Nesse último final de ano, na virada de 2011 para 2012, eu
fui cor-de-rosa. Usei cor-de-rosa em tudo que eu julgava possível, da blusa até
a calcinha, sem deixar passar sombra e elástico de cabelo. Tudo pra mendigar um
pouco de amor que tinha sido negado a mim nos últimos 16 anos (de um
companheiro, claro, nunca me faltou amor de família e meus bons amigos sempre
compensaram o fato de serem poucos). Eu estava desesperada. Não sabia mais que
medida eu poderia tomar só para ganhar um tipo de beijo que durasse mais que
uma noite ou algumas horas apressadas no banheiro masculino do colégio. Eu
faria qualquer coisa. Eu passaria a noite escrevendo em papeizinhos o quanto eu
queria – ou talvez o quanto eu precisasse – que você me amasse. Que me amasse
de volta. Eu me vesti de cor-de-rosa não para um, mas para todos os caras para
quem eu escrevi papeizinhos – ou para quem eu dediquei caixas, cartas, textos
na internet e lágrimas escondidas. Eu só precisava que alguém me amasse de
volta. Só uma vez, só por tempo suficiente para eu poder dizer que eu tive um
relacionamento que durasse mais que uns amassos. Mas nunca aconteceu. Apesar
das minhas súplicas. Apesar dos meus desejos. Apesar dos papeizinhos. Mas
quando eu vesti cor-de-rosa naquele ano novo, pela primeira vez – apesar de eu
só ter percebido isso agora – eu fui correspondida no maior amor do mundo. Eu
comecei a amar a mim mesma. E essa "eu mesma" correspondeu ao meu amor. Foi o
melhor relacionamento que eu já tive. Essa ‘eu mesma’ ama os meus defeitos, tem
paciência comigo na maioria das vezes, apesar de às vezes estourar e querer me
estrangular, ela ainda me ama. Ela me consola, ela me abraça, ela me deixa
confiante. Ninguém nunca me amou como ‘eu mesma’ me ama agora.

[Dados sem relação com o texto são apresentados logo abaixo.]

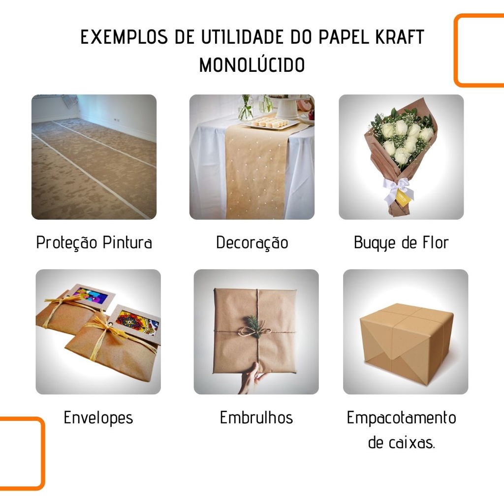 Papel Kraft 80g c/ 60cm de largura x 10 Metros de comprimento p/ embalagem Monolúcido
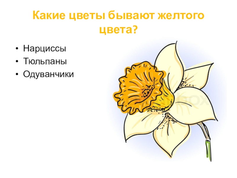 Какие цветы бывают желтого цвета?НарциссыТюльпаныОдуванчики

De todas as suas qualidades, a maior de todas é que ‘eu
mesma’ não deixa com que eu me apaixone por alguém que não vale a pena por
muito tempo. O mais engraçado, que eu não tinha percebido até agora, é que
depois desse ano novo em que eu vesti só cor-de-rosa, eu nunca mais precisei de
papeizinhos ou de desejos quando vejo horas iguais no relógio do celular. Ela
me deixa sonhar, viajar, planejar, mas só por um tempo limitado. Depois ela me
acorda. E eu ouço ‘eu mesma’ como nunca ouvi alguém antes. Ela fala ‘tudo bem,
ele é bonitinho. Mas espera a outra pra ir embora e mal fala com você na hora da
saída.’, ou ‘tá certo, ele é inteligente e legal, mas te chama no facebook ou
ao menos te responde?’, às vezes: ‘um amor, bebê, mas senta com elas e não com você.’
‘Eu sei que você jura que foram fogos de artifício, mas foi
só uma faísca.’, ‘ele não estava olhando para você, estava olhando para menina
do seu lado.’, ‘aperta suas bochechas e te chama de fofa? Na boa, linda, talvez
isso seja bom sinal em outro planeta, aqui ainda não quer dizer nada.’ No
começo é mesmo difícil de ouvir, eu queria mandar ela calar a boca. Agora eu
dou de ombros e penso ‘Talvez, por enquanto, seja melhor eu só amar eu mesma.’
Ela me deixa amar todo mundo, afinal, sou uma romântica
incorrigível, mas me puxa de volta quando começo a me afogar. É isso que eu
mais gosto nela, ela impõe limites que o meu romantismo deixou de lado.